◆ **Given data**:
--*--
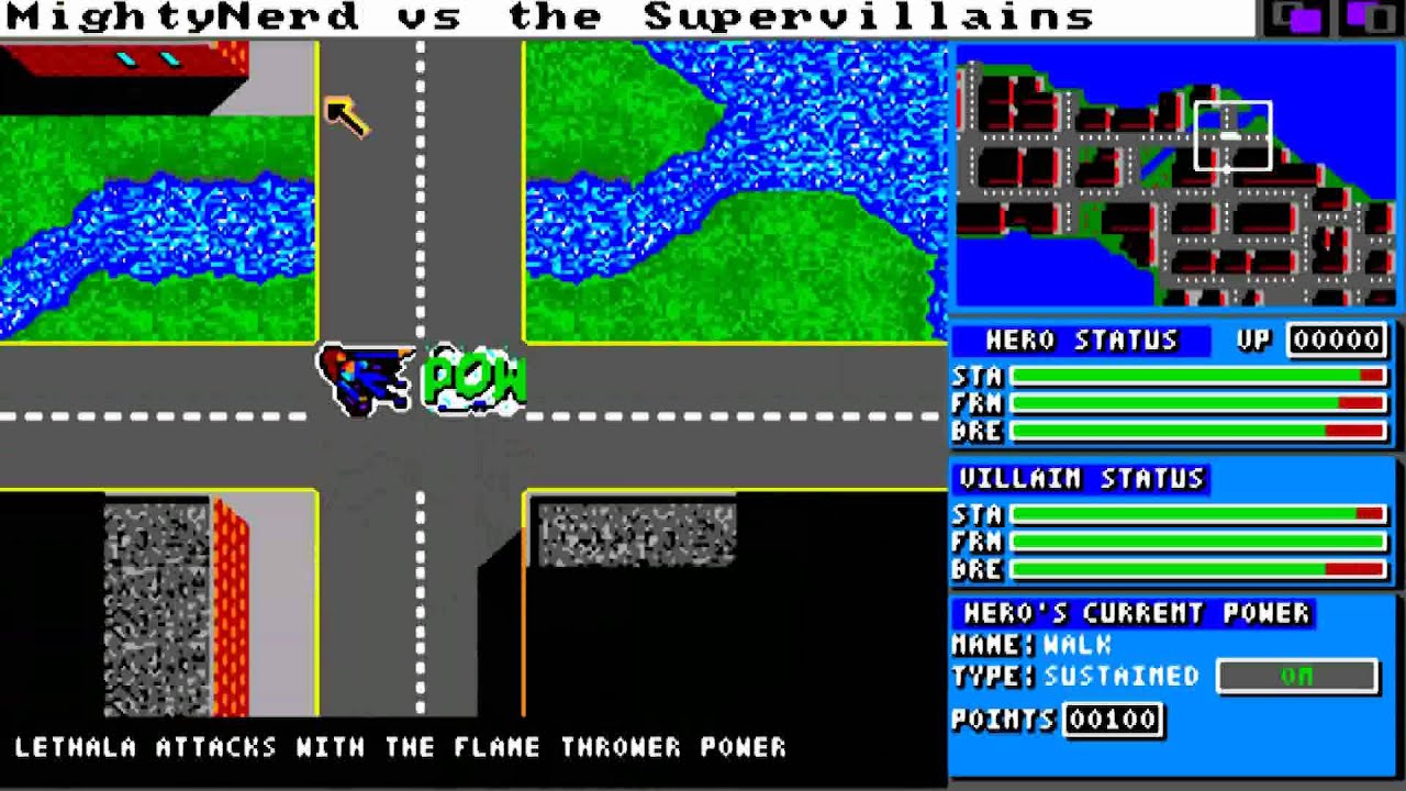 You make a superhero in some kind of very early D&D video game-style interface, as far as I can recall, then sort of stumble around a crush sorta Sim City type city and run into super-villains, then stuff happens in a very crummy sorta real-time way. I dunno. I remember being horribly disappointed, although I suppose I must have known what to expect based on the name. Basically bought it for the name. ^ _^
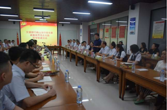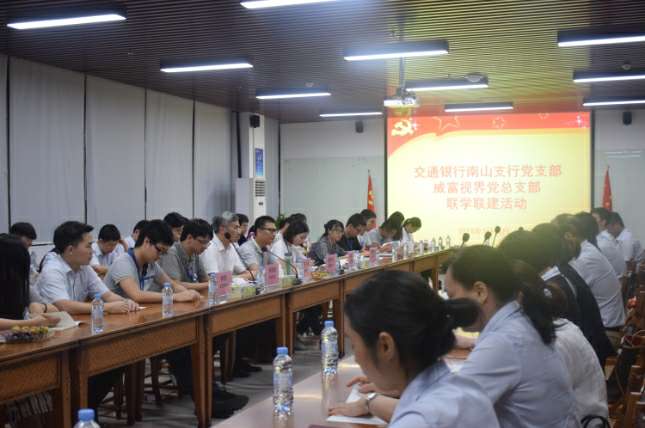 2018年7月18日晚,交通银行南山支行党支部与深圳市金年汇官方版网站登录入口-金年汇(中国)有限公司党总支部在金年汇官方版网站登录入口-金年汇(中国)集团总部开展了联学联建活动。交通银行南山支行党支部书记张伟胜、副书记高静、纪检委员沈向东、宣传委员郭孟瑶、青年委员杜哲、女工委员彭澎、深圳市金年汇官方版网站登录入口-金年汇(中国)有限公司党总支部书记张少林、纪检委员兼深圳市金年汇官方版网站登录入口-金年汇(中国)有限公司党支部书记梁先扬、组织委员兼深圳市金年汇官方版网站登录入口-金年汇(中国)智能设备有限公司党支部书记关航健、生活委员兼金年汇官方版网站登录入口-金年汇(中国)党支部书记肖波、党办主任杨燕丽、金年汇官方版网站登录入口-金年汇(中国)党支部组织委员乔亚飞及各支部党员60余人参加了活动,活动由金年汇官方版网站登录入口-金年汇(中国)党总支部书记张少林主持。
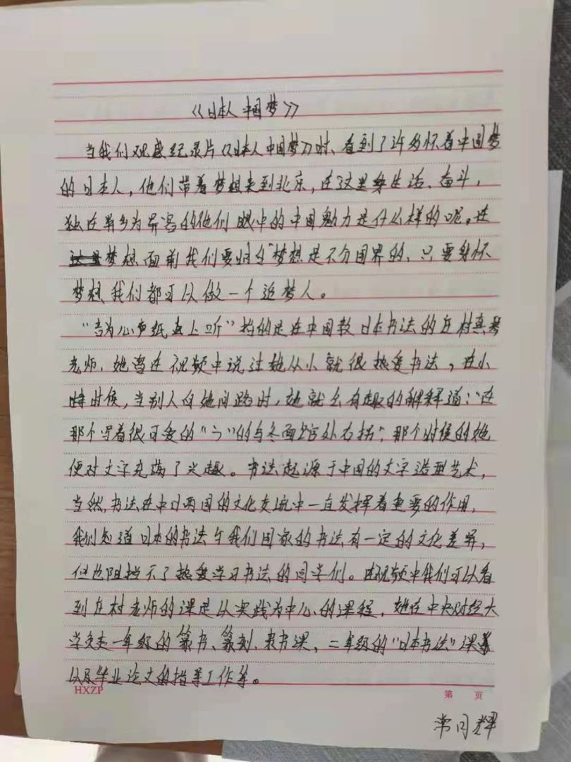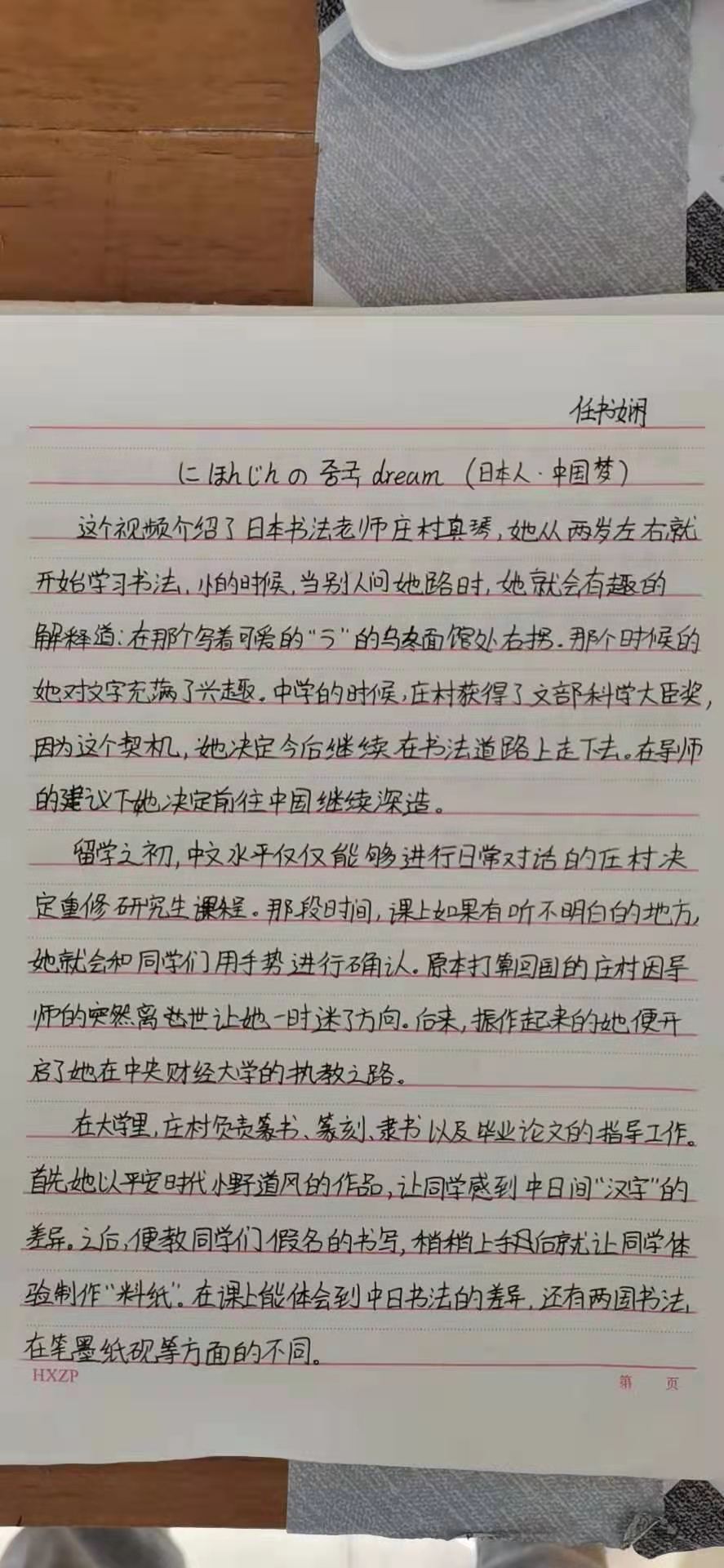 活动开始,学生们观看了纪录片的第一部分—“言为心声纸上听”。该部分记录了一位在中国教书法的庄村真琴的点滴细节以及心灵感悟,学生们感触十分深刻。随后,学生们就纪录片的内容展开了激烈的讨论并撰写了观后感。
--*--
◆ **Directions**:
Drop the images; restate the listing exactly.

◆ **Your solution**:
 You make a superhero in some kind of very early D&D video game-style interface, as far as I can recall, then sort of stumble around a crush sorta Sim City type city and run into super-villains, then stuff happens in a very crummy sorta real-time way. I dunno. I remember being horribly disappointed, although I suppose I must have known what to expect based on the name. Basically bought it for the name. ^ _^
 2018年7月18日晚,交通银行南山支行党支部与深圳市金年汇官方版网站登录入口-金年汇(中国)有限公司党总支部在金年汇官方版网站登录入口-金年汇(中国)集团总部开展了联学联建活动。交通银行南山支行党支部书记张伟胜、副书记高静、纪检委员沈向东、宣传委员郭孟瑶、青年委员杜哲、女工委员彭澎、深圳市金年汇官方版网站登录入口-金年汇(中国)有限公司党总支部书记张少林、纪检委员兼深圳市金年汇官方版网站登录入口-金年汇(中国)有限公司党支部书记梁先扬、组织委员兼深圳市金年汇官方版网站登录入口-金年汇(中国)智能设备有限公司党支部书记关航健、生活委员兼金年汇官方版网站登录入口-金年汇(中国)党支部书记肖波、党办主任杨燕丽、金年汇官方版网站登录入口-金年汇(中国)党支部组织委员乔亚飞及各支部党员60余人参加了活动,活动由金年汇官方版网站登录入口-金年汇(中国)党总支部书记张少林主持。
 活动开始,学生们观看了纪录片的第一部分—“言为心声纸上听”。该部分记录了一位在中国教书法的庄村真琴的点滴细节以及心灵感悟,学生们感触十分深刻。随后,学生们就纪录片的内容展开了激烈的讨论并撰写了观后感。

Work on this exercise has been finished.